Come molti sapranno qualche mese fa ho realizzato un sondaggio d'opinione tanto per farmi un'idea di come la pensassero i mie concittadini sul nostro paese e sul suo futuro. La stragrande maggioranza di loro, in totale autonomia, ha espresso dei giudizi che non ho potuto far altro che condividere, soprattutto riguardo ad un diffuso malessere generale verso chi ha amministrato negli ultimi anni.
L'aspetto singolare è che al momento di agire, partecipare, proporre e ascoltare, tranne poche 'evolute' eccezioni legate soprattutto ai giovani, ad internet e al mondo associativo, vedo un paesino svizzero dove tutto funziona, dove non esiste il minimo problema e dove ogni recriminazione appare superflua. Ne è stato ulteriore dimostrazione l'incontro avvenuto a Cerrocupo il primo aprile organizzato da Aldo Ingenito. Probabilmente molti sono stati frenati dall'infelice scelta della data. Poteva essere solo un pesce d'aprile l'evento che avrebbe raccolto nello stesso luogo gli amministratori passati e futuri della nostra Altavilla. Un pesce d'aprile non è stato.
Nonostante le defezioni di alcuni di loro, i tre presenti, Michele Gallo, Rosario Gallo e Gerardo di Vernieri ( leggi il suo programma ) nella pressochè totale assenza del popolo altavillese hanno discusso, anche animosamente, per più di due ore sul passato e sul futuro di Altavilla anche sollecitati dalle vertenze quotidiane dei pochi coraggiosi presenti. Si è discusso di agricoltura, di centro storico, di finanziamenti, di risorse naturali, di appartenenza politica e tanto altro. Si possono avere dei pregiudizi sulle persone, si possono rimproverare alcune scelte passate, si può anche protestare vivamente, si possono avere idee diverse ma, da che mondo è mondo, in democrazia gli assenti hanno e avranno sempre torto.
È possibile che nessuno abbia sentito l'esigenza di ascoltare le idee e le intenzioni di tre potenziali amministratori per poi determinarle con il proprio voto? Proprio per la consistenza dei contenuti, ma anche per la competenza, a vario titolo, dei relatori, devo dire che non è emersa dalla discussione nessuna verità assoluta e nessun vincitore.
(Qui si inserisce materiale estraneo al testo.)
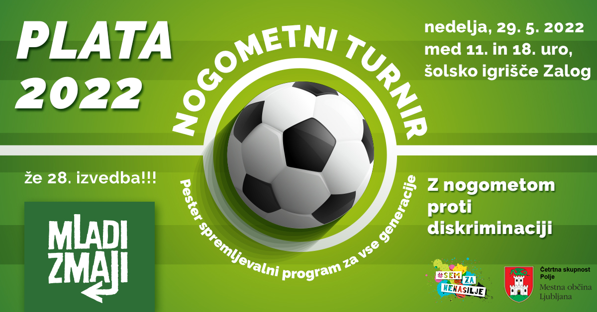 Mladi zmaji znova vabijo na Plato - z nogometom proti diskriminaciji 2022, tradicionalni celodnevni družabno rekreacijski dogodek Mladih zmajev Zalog v Zalogu, ki se bo odvil v nedeljo, 29. 5. med 11. in 19. uro. na igrišču OŠ Zalog na Cerutovi. Na že 28. ponovitvi Plate ne bo manjkalo dobre družbe, glasbe in športnega vzdušja. Rdeča nit dogodka bo tudi letos nogometni turnir pospremljen z bogatim spremljevalnim programom.

Di per certo so chi quella sera ha perso: chi non c'era. E parlo sia degli amministratori assenti che degli elettori assenti. Prometto il mio voto al candidato sindaco che imporrà l'obbligo di corsi di educazione civica per tutta la popolazione menefreghista e inutilmente lamentosa. E voi dove eravate?
L'AltrOpinione: fatti noti, ignoti e stranoti di Altavilla raccontati da chi non se ne sta certo lì a guardare. Vuoi essere opinionista per l'AltrOpinione? Allora che aspetti? Scrivici a laltraltavilla @ gmail.com !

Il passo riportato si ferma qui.